По мнению, широко распространенному среди историков и политологов, ХХI век будет эпохой этнических и этноконфессиональных конфликтов. Те глобальные факторы, которые определяли ход мировых событий во второй половине минувшего столетия (в первую очередь холодная война и вечная угроза ее перерастания во всеобщую ядерную катастрофу), ушли в прошлое. Все выглядит так, будто человечество, избавившись от идеологически мотивированных конфликтов, занялось решением более значимых и насущных проблем. В условиях противостояния двух мировых систем они оставались «замороженными». Но теперь на первые позиции повестки дня вышли вопросы, связанные с давними ссорами национального и религиозного свойства. Нации, этнические группы, конфессиональные сообщества принялись сводить друг с другом старые счеты.
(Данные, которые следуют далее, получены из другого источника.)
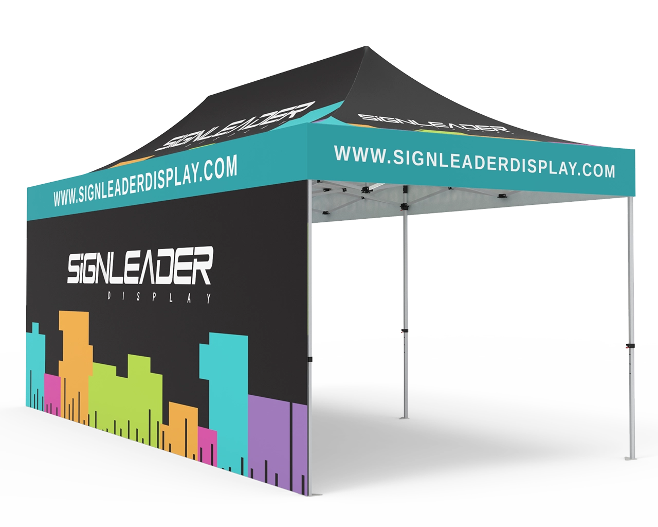 Turn the great outdoors into a great promotional opportunity, attract attention and stand up to the elements with branded canopy tents. A high resolution custom printed canopy tent is a nice option for your various events. As a manufacturer, Signleader Display is not only the industry leader in heavy-duty pop up tents, but we can provide various options to meet your budget and needs.

Укоренившийся после Октябрьской революции раскол мира по идеологическому принципу имел в известной степени искусственный, противоречащий природе человечества характер. Национализм и религия, в которых марксизм отказывался видеть одну из движущих сил поведения людей, оказались несравненно более сильной мотивацией, чем классовая вражда и жажда социального равенства. Вероятно, именно эта особенность человеческой психики объясняет, почему движения, зиждущиеся на идеологии классовой борьбы, довольно быстро раскалываются и распадаются в отличие от этнических и конфессиональных движений.

Когда в определенной группе населения вызревает убеждение в том, что она является обездоленной и дискриминируемой именно вследствие ее этнических либо конфессиональных отличий от господствующей общности, у нее формируется менталитет, угрожающий возникновением в обществе перманентного насилия. Речь идет о своего рода новом люмпен-пролетариате – о маргинальных слоях, отчужденных от преобладающей, более состоятельной и привилегированной части населения. Например, таких, как негры в США, образующие так называемый underclass, или бунтовавшие в 2005 году в парижских предместьях арабские подростки.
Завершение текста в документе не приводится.